Sukar melihat wajah orang itu, yang nampak hanya kilatan sepasang mata dari balik tirai dan rambut. Pakaiannya sederhana saja seperti pakaian petani namun ringkas, dan dia tidak membawa senjata apa pun.

"Sin-ciang Tai-hiap....!"

Terdengar teriakan beberapa orang dan demikian pula teriakan hati Sian Li yang memandang penuh kagum, juga kini mendadak saja ia merasa aman begitu orang ini berada di situ. Lenyap semua kekhawatirannya akan dikeroyok dan ditangkap oleh para pemberontak ini.

Lulung Lama mewakili suhengnya, Dobhin Lama yang sejak tadi hanya menonton saja.
Dengan langkah lebar dia menghampiri laki-laki bercaping lebar yang menyembunyikan mukanya itu dan dia mencoba untuk menembus tirai hitam dan rambut itu untuk mengamati wajahnya, lalu dia mengangkat kedua tangan depan dada dan memberi hormat.

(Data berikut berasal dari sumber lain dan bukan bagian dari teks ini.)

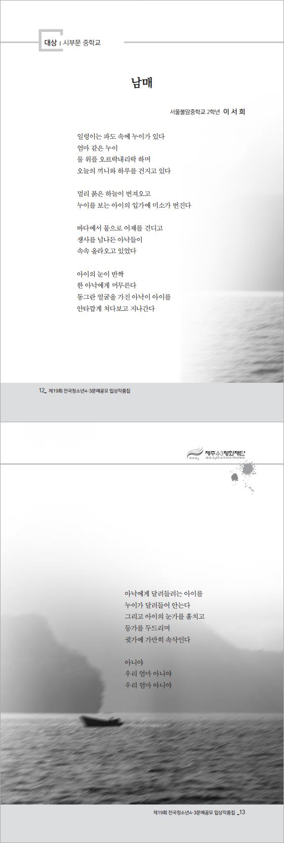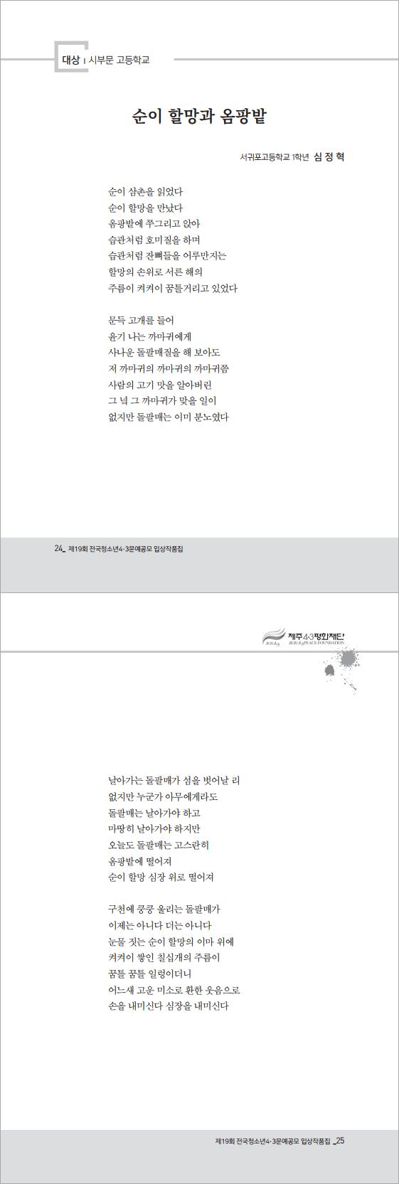 2018년 제19회 전국청소년 4·3 문예공모 시 부문 당선작

"Omitohud....! Kiranya engkau adalah Sin-ciang Tai-hiap yang selama beberapa tahun ini membuat nama besar di daerah perbatasan Tibet ini? Selamat datang, Taihiap! Apakah engkau datang hendak menghadiri rapat pertemuan yang kami adakan ini?"

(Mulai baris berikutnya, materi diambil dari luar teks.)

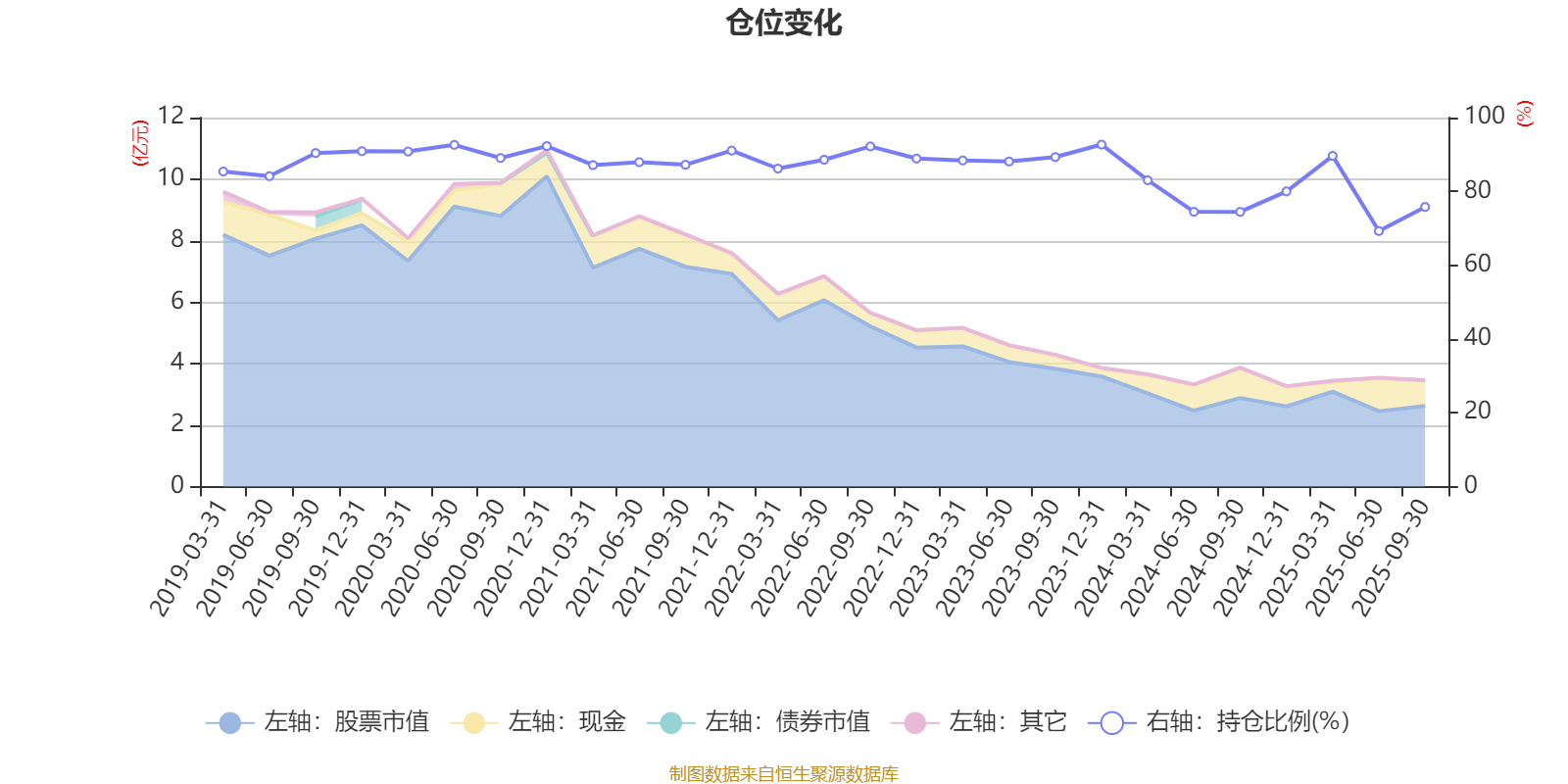 据定期报告数据统计,近三年平均股票仓位为82.83%,同类平均为85.51%。2023年末基金达到92.69%的最高仓位,2025年上半年末最低,为69.26%。

Pendekar bercaping itu membalas penghormatan tuan rumah dengan sikap sopan, lalu terdengar suaranya lembut dan singkat.

"Lulung Lama, terserah dengan nama apa orang akan menyebutku. Aku datang bukan untuk menjadi tamu dalam pertemuan ini."

Lulung Lama mengerutkan alisnya.
"Sin-ciang Tai-hiap, pinceng (saya) yakin bahwa sebagai sama-sama tokoh dunia persilatan yang tahu akan peraturan dunia kang-ouw, engkau tentu maklum bahwa jalan kita bersimpang. Aku tidak pernah mencampuri urusanmu, dan demikian pula kami harap engkau tidak akan mencampuri dan mengacaukan urusan kami. Kalau engkau tidak datang untuk menghadiri pertemuan, lalu mengapa engkau menghentikan pertandingan tadi dan apa pula maksudmu datang berkunjung tanpa diundang ini?"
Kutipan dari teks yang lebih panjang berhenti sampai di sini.